Thursday, January 3, 2013

My Dog Is A Crazed Lunatic; I Fear For My Life

I have a crazy fucking dog. He weighs twenty pounds and is some terrier mix. He is cute enough, but he has some bad blood in him. We got him at the pound. It figures that the first dog I wanted was the most neurotic and idiosyncratic dog ever. He likes to chew on used tampons. He loves all used paper product; the softer the better.

My dog hates men. My dog hates loud noises. My dog hates skateboarders. One time I was walking my dog and he broke free from his leash and ran after a back-hoe. He tossed himself at it with gnarling teeth and bounced off the giant wheel. He returned frustrated, but just as angry. He goes crazy when we aren't around, yet will try and bite me in the face if I move him off my pillow.

He hates other dogs. He once attacked a dog and made the owner fall. She said, "What's wrong with you people?" I went from apologetic to angry. "You people?" I said like Spike Lee. Every time I walk my god, which is everyday, he freaks out and acts like he has been interred in a doggy prison camp for years. He yelps, jumps, contorts, moans, and paws. He knew how to shake for three years, but I did not discover this until a friend used the word paw instead of shake. He has a discriminating vocabulary.

I have a special leash for my dog. Otherwise, he will pull like he is taking a fucking wagon train to Oregon and he wants to make it in less than a month. He once got free while visiting family, and returned only with a puff of Collie hair in his mouth. He won't eat unless we are home. He likes to take one piece of food and bring it into the room we are in, eat it there, and then return for more.

He peed all over the shitty carpeting we had on our floors. The other day I got home and he was eating holiday chocolates. It took me an hour to find his stash. He had hidden them neatly under a seat, and had decided to eat each one individually.

He is not groomed because he will bite my face off. I bath him, but he can only take so much before he snarls and heads for the door. He likes to sleep on my legs at night, so if I move, he can run right up and take my place next to my wife. He is dominant. When we drive in the car, he won't stay in the back seat. He slowly tries to squeeze his way up front. He tries to tunnel to the front seat from beneath. He bit the local Cesar Milan guy in the face.

The veteranarian says my dog likes histroniocs. He must be muzzled. He takes himself very seriously on walks, which embarrasses me, because I do not take myself seriously at all. I wish I could tell him that he looks foolish and earnest, but he would not care. He was probably abused. They had named him Shrek when we found him. Shrek is apparently an ogre. We changed his name.

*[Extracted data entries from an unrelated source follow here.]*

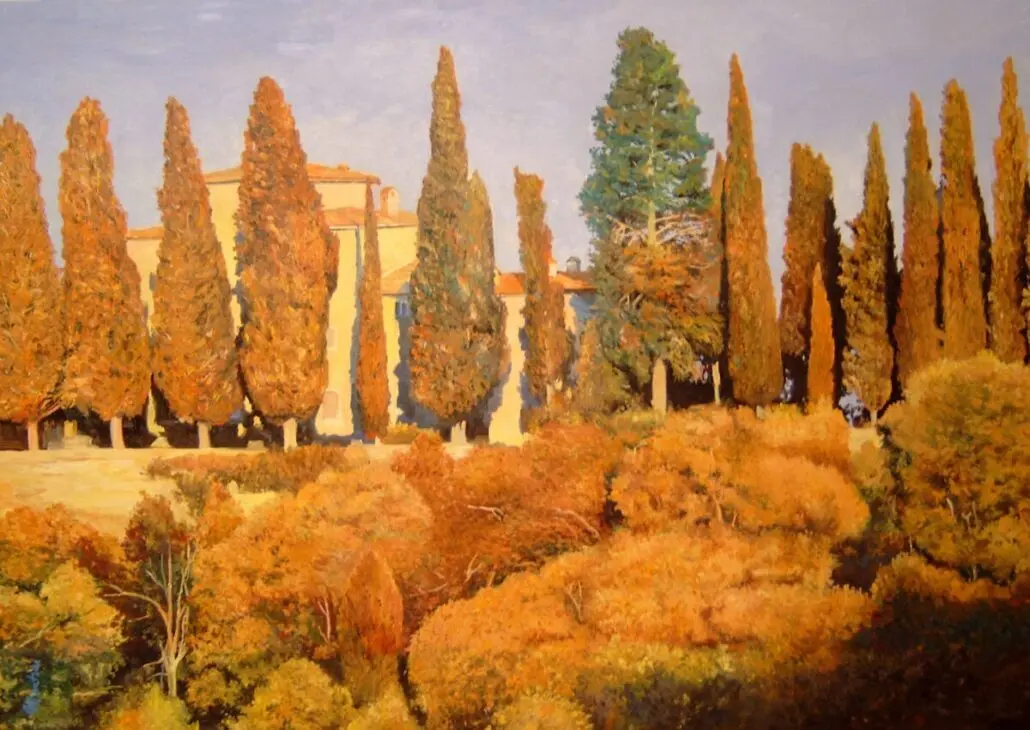 Hommage à Sven Nykvist, Öl / Tempera auf Leinwand 100 x 150 cm. Szene aus dem Filmdrama Offret von Andrei Tarkowski.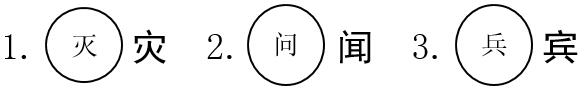 客(客人) 实(实在) 名(名字) 闻(闻名)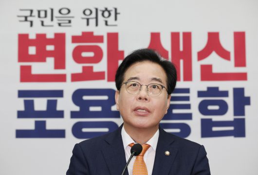국민의힘 송언석 원내대표가 지난 27일 서울 여의도 국회에서 열린 의원총회에서 발언하고 있다. 연합뉴스 |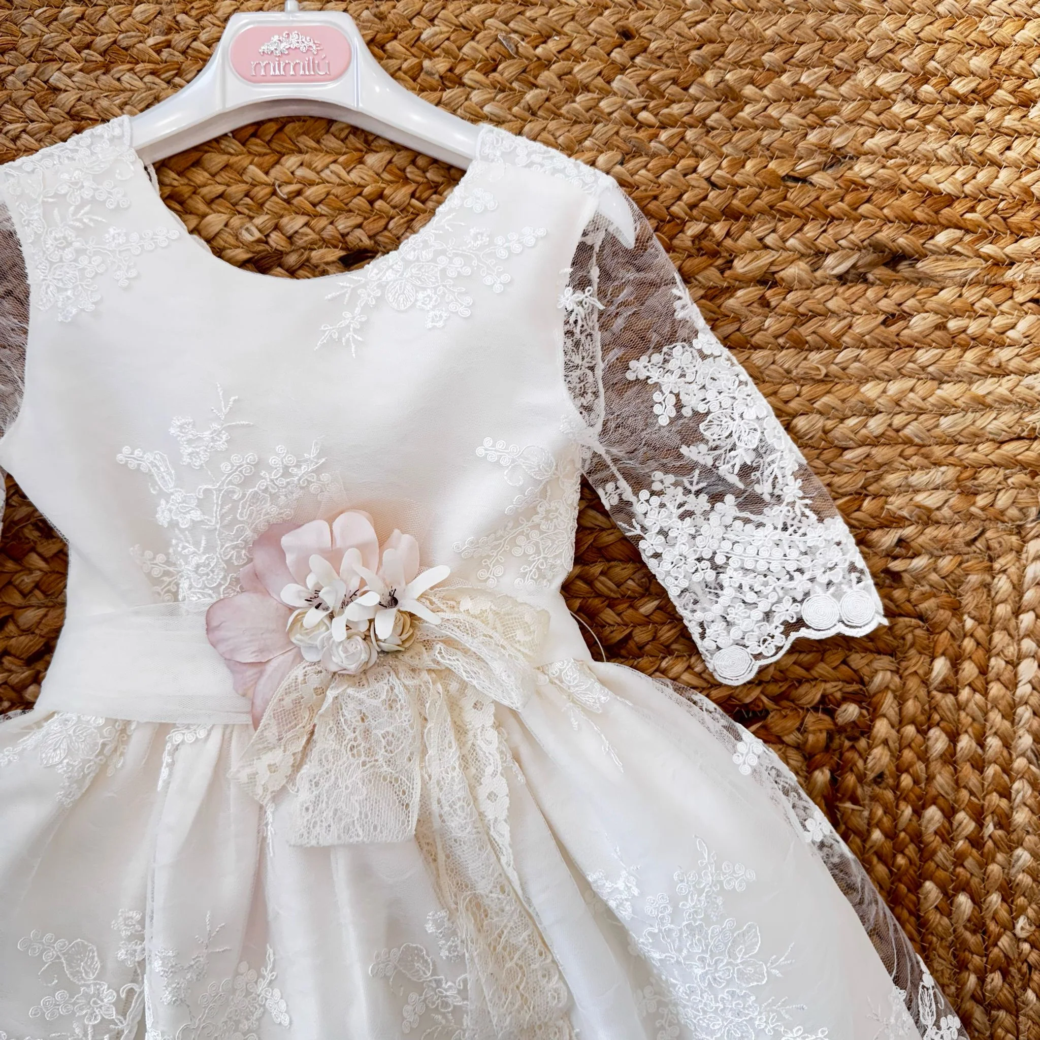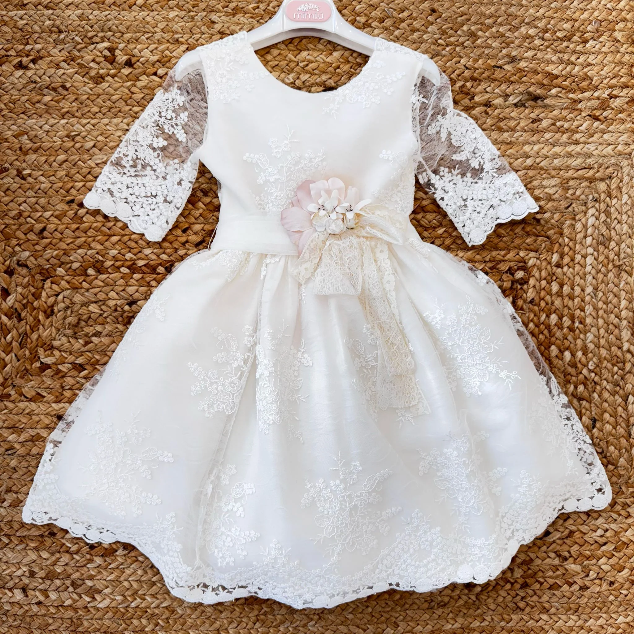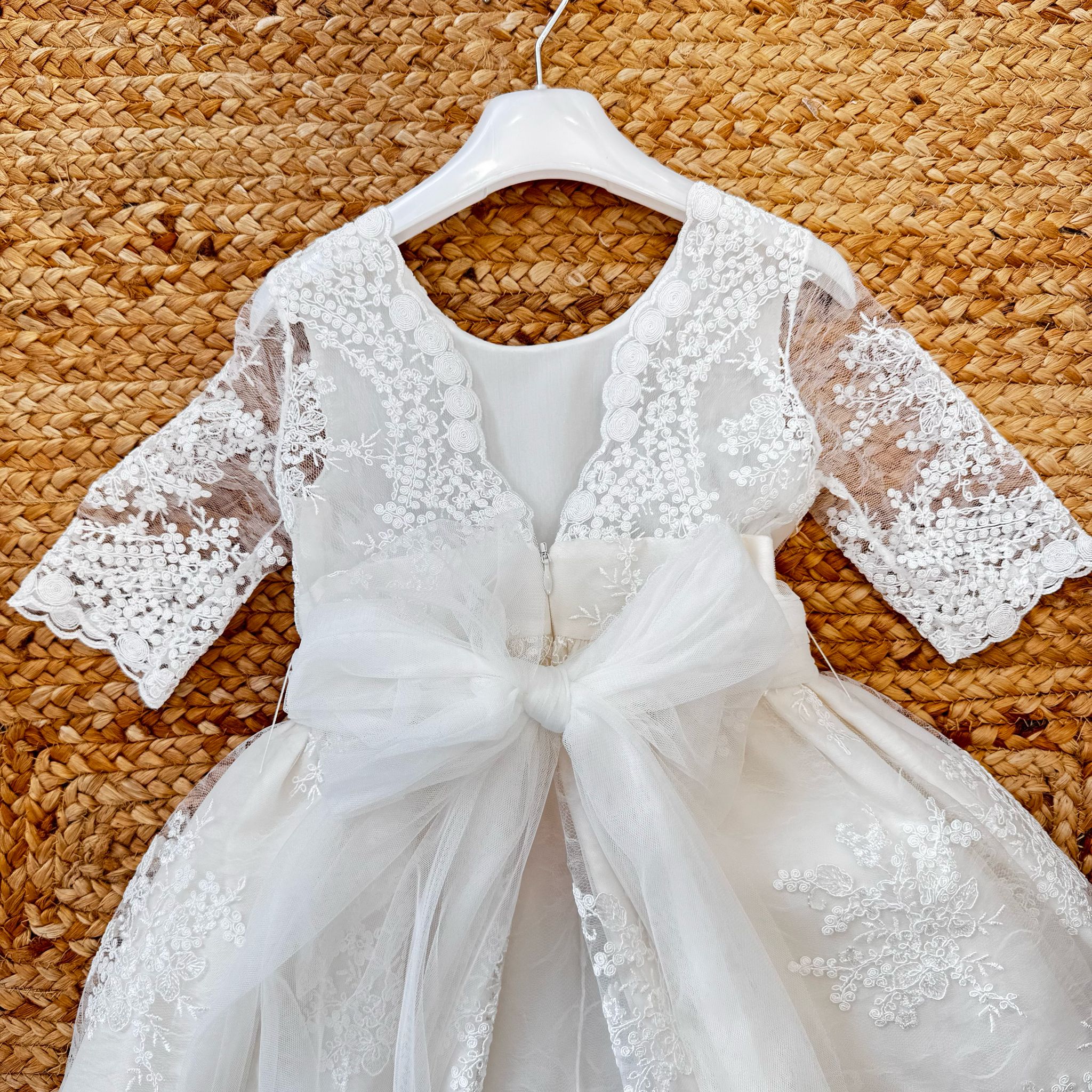 Un abito da cerimonia da vera principessa, perfetto per occasioni speciali come matrimoni, comunioni e battesimi. Il design raffinato con pizzo ricamato e dettagli floreali dona un’eleganza senza tempo.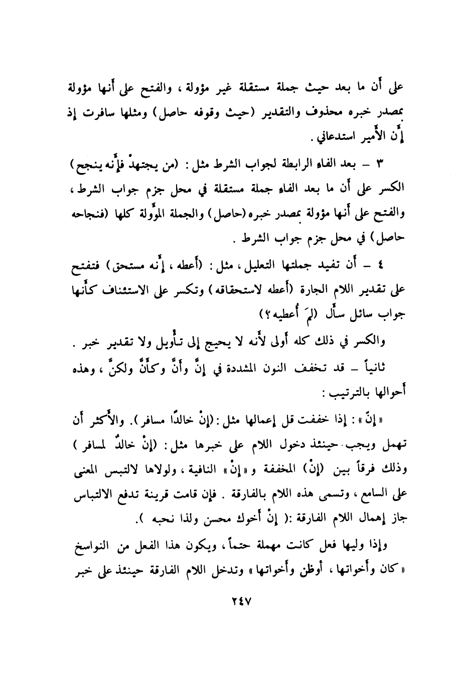 3- بعد الفاءِ الرابطة لجواب الشرط مثل: "من يجتهدْ فإِنه ينجح" الكسر على أَن ما بعد الفاءِ جملة مستقلة في محل جزم جواب الشرط، والفتح على أَنها مؤولة بمصدر خبره "حاصل" والجملة المؤَولة كلها "فنجاحه حاصل" في محل جزم جواب الشرط".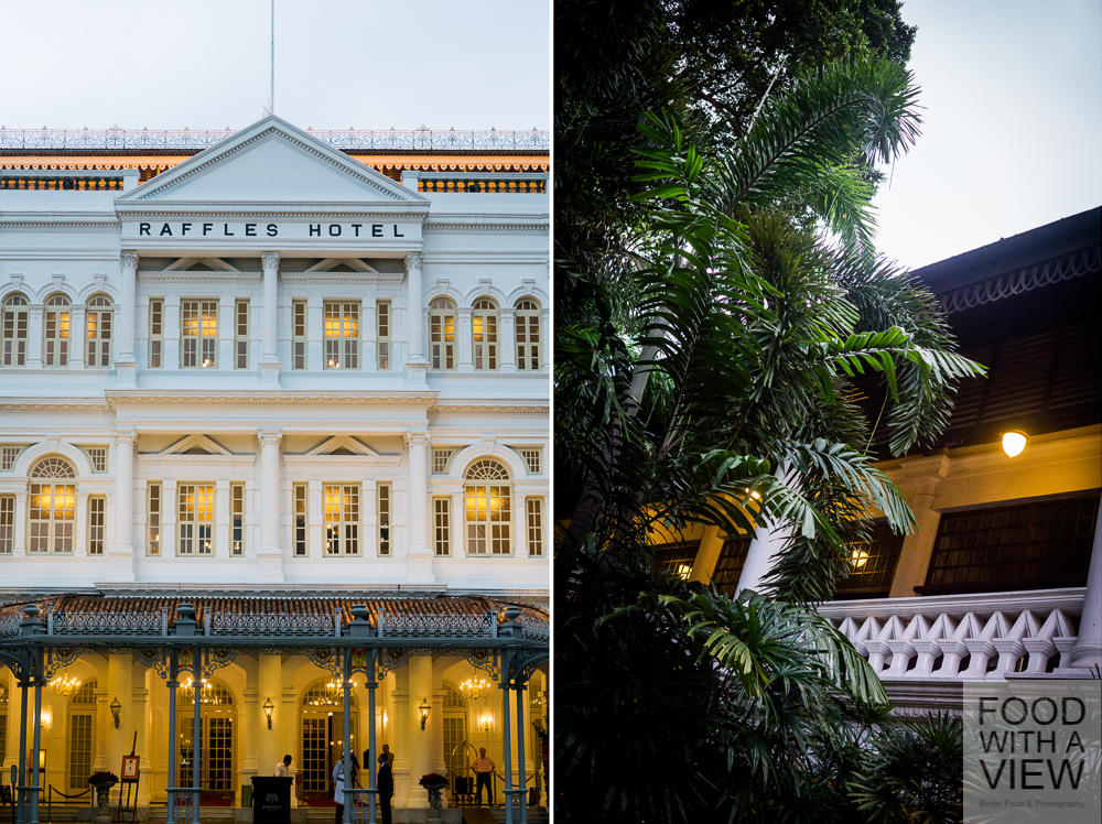 Inzwischen sind wir alle rund 36 Stunden auf den Beinen, aber der Abend beginnt gerade erst mit einer Bootstour durch die Marina Bay und zum Wahrzeichen Singapurs, dem von Touristen dicht umlagerten Merlion. Von der seidigen Abendluft auf dem Wasser bekommen Arne und ich erst einmal wenig mit. Wir überschlagen nämlich im Kopf, wann uns das dichte Programm Zeit lassen wird, die einzige mitgebrachte 5D-Kameralinse zu ersetzen, die ich Minuten zuvor im Bus in einen Totalschaden verwandelt habe – Food Blogger’s nightmare. Irgendwie brauchen wir jetzt einen Schnaps, und den gibt es glücklicherweise auch sofort im Anschluss: Es geht in die Long Bar des legendären Raffles Hotel auf einen Singapore Sling. Der berühmte Drink wird uns bereits als Ladie’s cocktail angekündigt und schmeckt ähnlich pink, wie er aussieht. Der Kamera-Unfall ist damit in milderes Licht getaucht, und dann verlassen wir den mit filmreifem kolonialen Dekor und üppigem Pflanzenwuchs charmierenden Ort in Richtung Hyatt Hotel: Es gibt ein weiteres Mal an diesem Tag Street Food, diesmal elegant vom Buffet.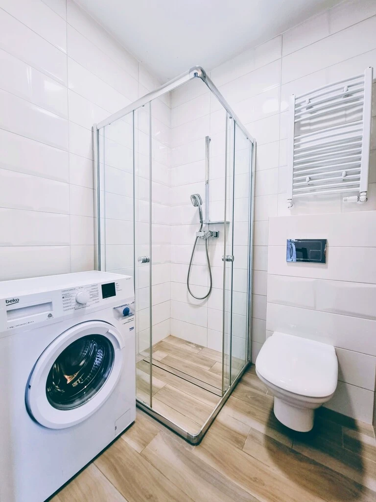 - Badezimmer mit Dusche, Waschbecken, Toilette und Waschmaschine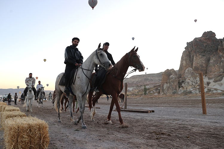 Nevşehir'in Göreme beldesinin ev sahipliği yaptığı festivalde biniciler, sıcak hava balonlarının kalkış alanında, gün doğumu vaktinde atlı tur düzenledi.
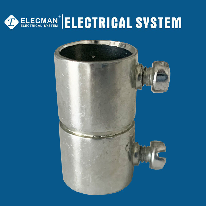 O tipo de aço do parafuso de fixação dos acoplamentos de ELECMAN® EMT é usado em lugar secos para conectar junto as extremidades de duas canalizações de EMT para estender o canal adutor. A construção de aço assegura a proteção mecânica e a conexão entre uma canalização a outra.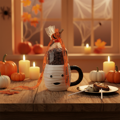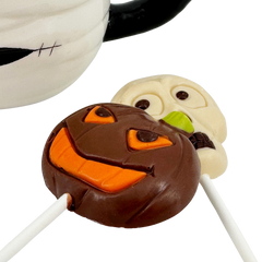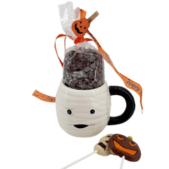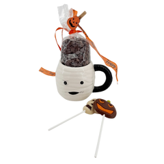 Spaventoso e delizioso! La nostra tazza a tema mummia è riempita con cremose gocce di cioccolato fondente belga e divertenti lecca-lecca. Un regalo di Halloween perfetto per i bambini e gli amanti del cioccolato

I love my dog. I would want nothing to happen to him. But he is an outward manifestation of all the neuroses inside of me. It is like watching my mind prance uncontrollably around the house. Sometimes I like it when he stays under the bed.

Lastly, do not tell me that it is my fault. I know it is. I am a horrible owner. But my dog has special needs. If he was in school, he would be in special classes and require an attendant at all times. He would smoke in the bathroom and beat up bullies that picked on nerds. There is more to tell about my dog, but that is enough for now.


  1. Hiding the chocolates and eating one by one is so brilliant. He should have a comic strip!

  2. It was awesome. He had planned so well. Foiled!

  3. A dog is the only thing on earth that loves you more than you love yourself.

  4. Your terrier must be related to my batshit crazy terrier. Same size, weight, walk behavior, and homicidal tendencies.